To create a voice for production use, we recommend you use a professional recording studio and voice talent. For more information, see record voice samples to create a custom neural voice.

Types of training data

A voice training dataset includes audio recordings, and a text file with the associated transcriptions. Each audio file should contain a single utterance (a single sentence or a single turn for a dialog system), and be less than 15 seconds long.

In some cases, you might not have the right dataset ready. You can test the custom neural voice training with available audio files, short or long, with or without transcripts.

This table lists data types and how each is used to create a custom Text to speech voice model.

Data type	Description	When to use	Extra processing required
Individual utterances + matching transcript	A collection (.zip) of audio files (.wav) as individual utterances. Each audio file should be 15 seconds or less in length, paired with a formatted transcript (.txt).	Professional recordings with matching transcripts	Ready for training.
Long audio + transcript	A collection (.zip) of long, unsegmented audio files (.wav or .mp3, longer than 20 seconds, at most 1000 audio files), paired with a collection (.zip) of transcripts that contains all spoken words.	You have audio files and matching transcripts, but they aren't segmented into utterances.	Segmentation (using batch transcription). Audio format transformation wherever required.
Audio only (Preview)	A collection (.zip) of audio files (.wav or .mp3, at most 1000 audio files) without a transcript.	You only have audio files available, without transcripts.	Segmentation + transcript generation (using batch transcription). Audio format transformation wherever required.

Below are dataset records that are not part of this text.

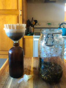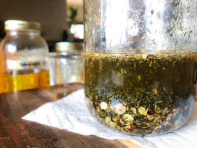 I added the herbs and oils into a large jar and with the lid off I infused the jar in a water filled crockpot on the low setting for 24 hours. It’s important to infuse without the lid on your jar as you don’t want condensation to mix with your oils because it will spoil the oil. Similarly, you can also do this in a larger dehydrator with the temperature between 100 to 140 degrees Fahrenheit for anywhere from 1 to 24 hours.You can also skip the jar altogether and just infuse the oil directly in the crockpot. I used a funnel and coffee filter to strain my oils as I had tiny bits of plant materials in my oil.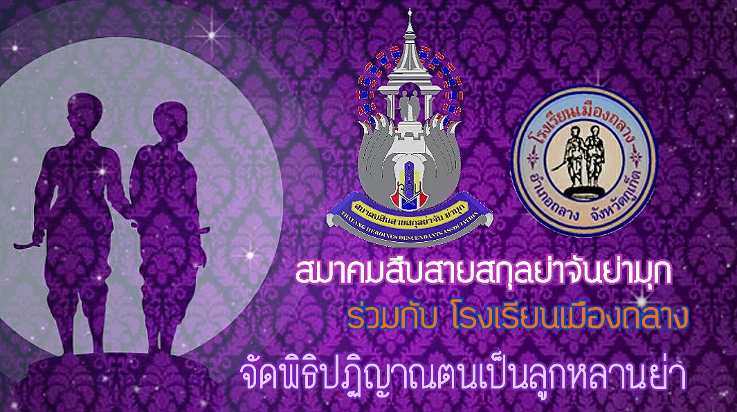 ? สมาคมสืบสายสกุลย่าจันย่ามุก ร่วมกับโรงเรียนเมืองถลาง จัดพิธีพิธีปฏิญาณตนเป็นลูกหลานย่าของคณะครู นักเรียนและบุคลากรทางการศึกษา เพื่อเป็นการยกย่องเชิดชูประกาศเกียรติคุณในวีรกรรมของท้าวเทพกระษัตรี ท้าวศรีสุนทร ให้เป็นที่ปรากฎแก่ลูกหลาน และเป็นขวัญและกำลังใจในการปฏิบัติงาน การเรียน อีกทั้งยังเป็นการสร้างจิตสำนึกและความภาคภูมิใจในประวัติศาสตร์ท้องถิ่นถลาง ให้กับลูกหลานสืบไป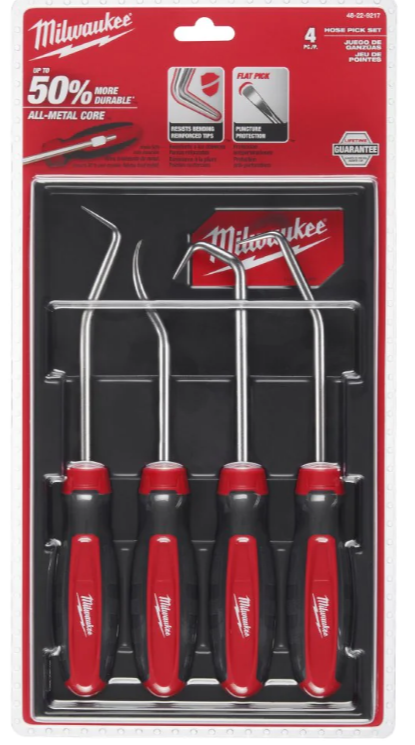 The 4pc Hose & pick set feature an all-metal core for up to more durability. Each pick has a specific angle for different applications whilst the reinforced tip resists bending when loosening stubborn hoses. The flat pick provides puncture protection and reduces damage to hoses. Our Comfort grip handles gives the user increased tool control and comfort. This set features a hook, 90°, 45°, and flat hose pick along with a durable long-term storage tray for easy access and organisation. These chrome-plated picks provide superior rust protection.

Files should be grouped by type into a dataset and uploaded as a zip file. Each dataset can only contain a single data type.

Note

The maximum number of datasets allowed to be imported per subscription is 500 zip files for standard subscription (S0) users.

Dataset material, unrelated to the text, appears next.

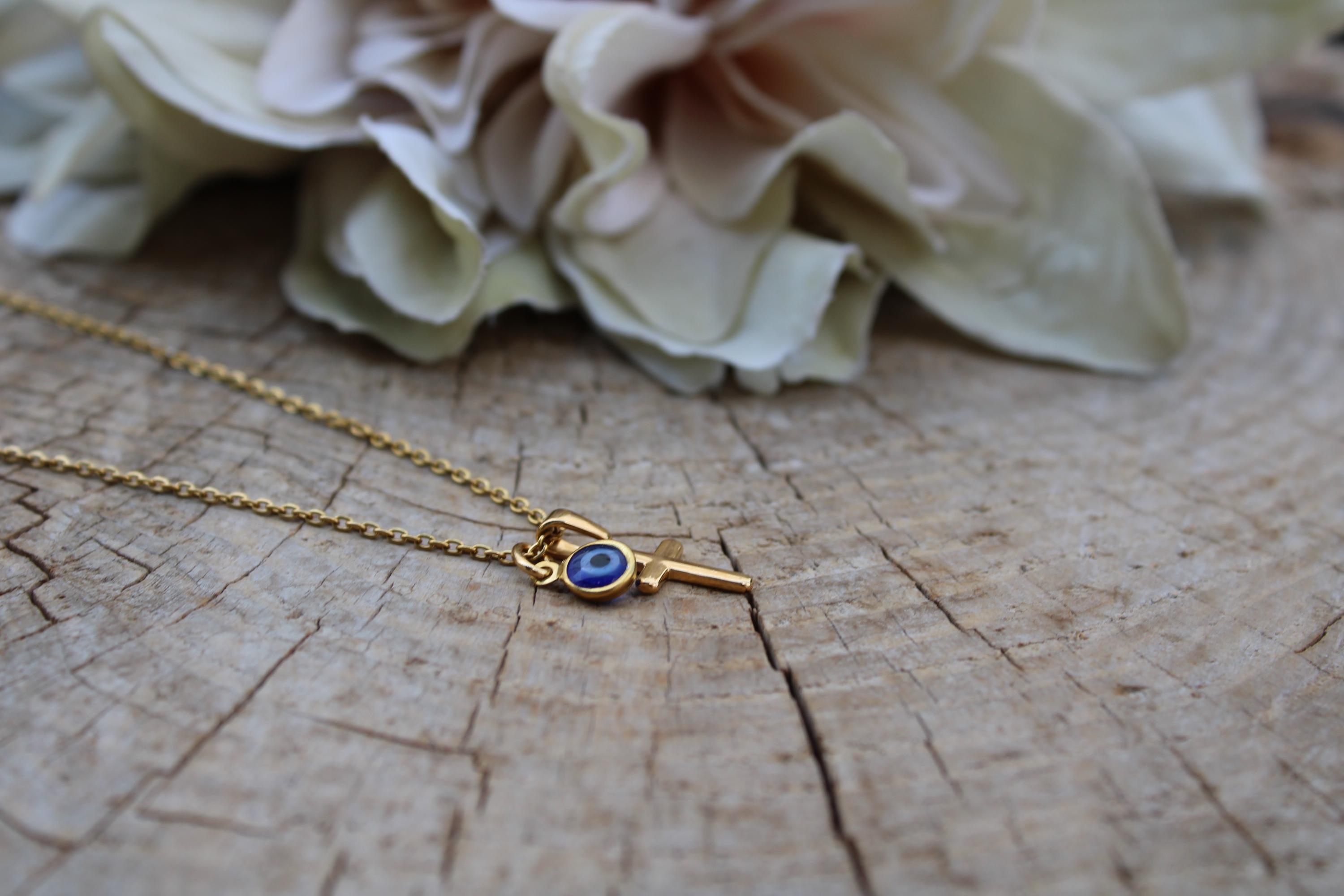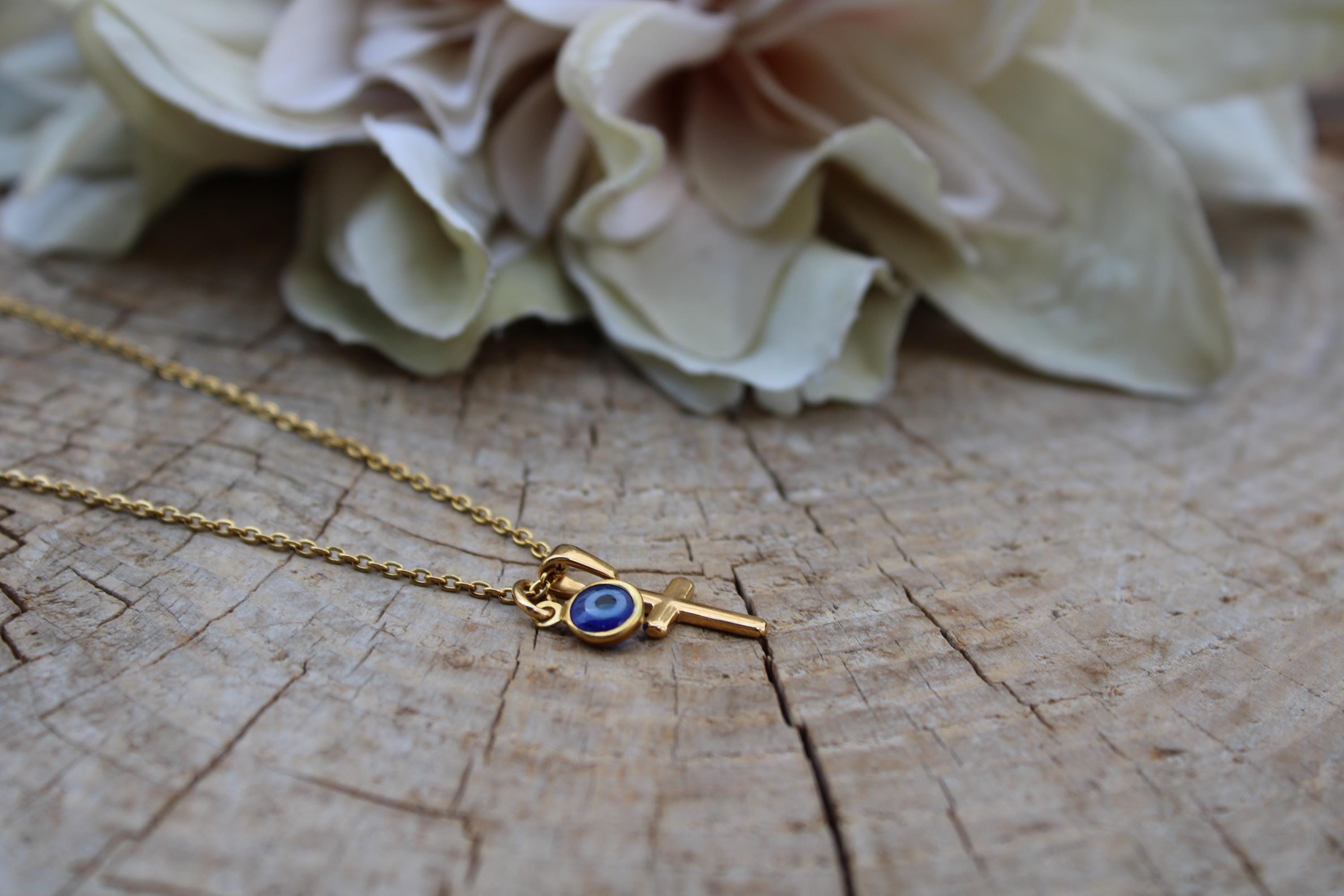 •It features a tarnish resistant stainless steel cross measuring 16x 9mm and a 6mm gold stainless evil eye in traditional blue.

Individual utterances + matching transcript

You can prepare recordings of individual utterances and the matching transcript in two ways. Either write a script and have it read by a voice talent or use publicly available audio and transcribe it to text. If you do the latter, edit disfluencies from the audio files, such as "um" and other filler sounds, stutters, mumbled words, or mispronunciations.

To produce a good voice model, create the recordings in a quiet room with a high-quality microphone. Consistent volume, speaking rate, speaking pitch, and expressive mannerisms of speech are essential.

For data format examples, refer to the sample training set on GitHub. The sample training set includes the sample script and the associated audio.

Audio data for Individual utterances + matching transcript

Each audio file should contain a single utterance (a single sentence or a single turn of a dialog system), less than 15 seconds long. All files must be in the same spoken language. Multi-language custom Text to speech voices aren't supported, except for the Chinese-English bi-lingual. Each audio file must have a unique filename with the filename extension .wav.

Follow these guidelines when preparing audio.

Property	Value
File format	RIFF (.wav), grouped into a .zip file
File name	File name characters supported by Windows OS, with .wav extension. The characters `\ / : * ? " < > \\|` aren't allowed. It can't start or end with a space, and can't start with a dot. No duplicate file names allowed.
Sampling rate	When you create a custom neural voice, 24,000 Hz is required.
Sample format	PCM, at least 16-bit
Audio length	Shorter than 15 seconds
Archive format	.zip
Maximum archive size	2048 MB

Note

The default sampling rate for a custom neural voice is 24,000 Hz. Audio files with a sampling rate lower than 16,000 Hz will be rejected. If a .zip file contains .wav files with different sample rates, only those equal to or higher than 16,000 Hz will be imported. Your audio files with a sampling rate higher than 16,000 Hz and lower than 24,000 Hz will be up-sampled to 24,000 Hz to train a neural voice. It's recommended that you should use a sample rate of 24,000 Hz for your training data.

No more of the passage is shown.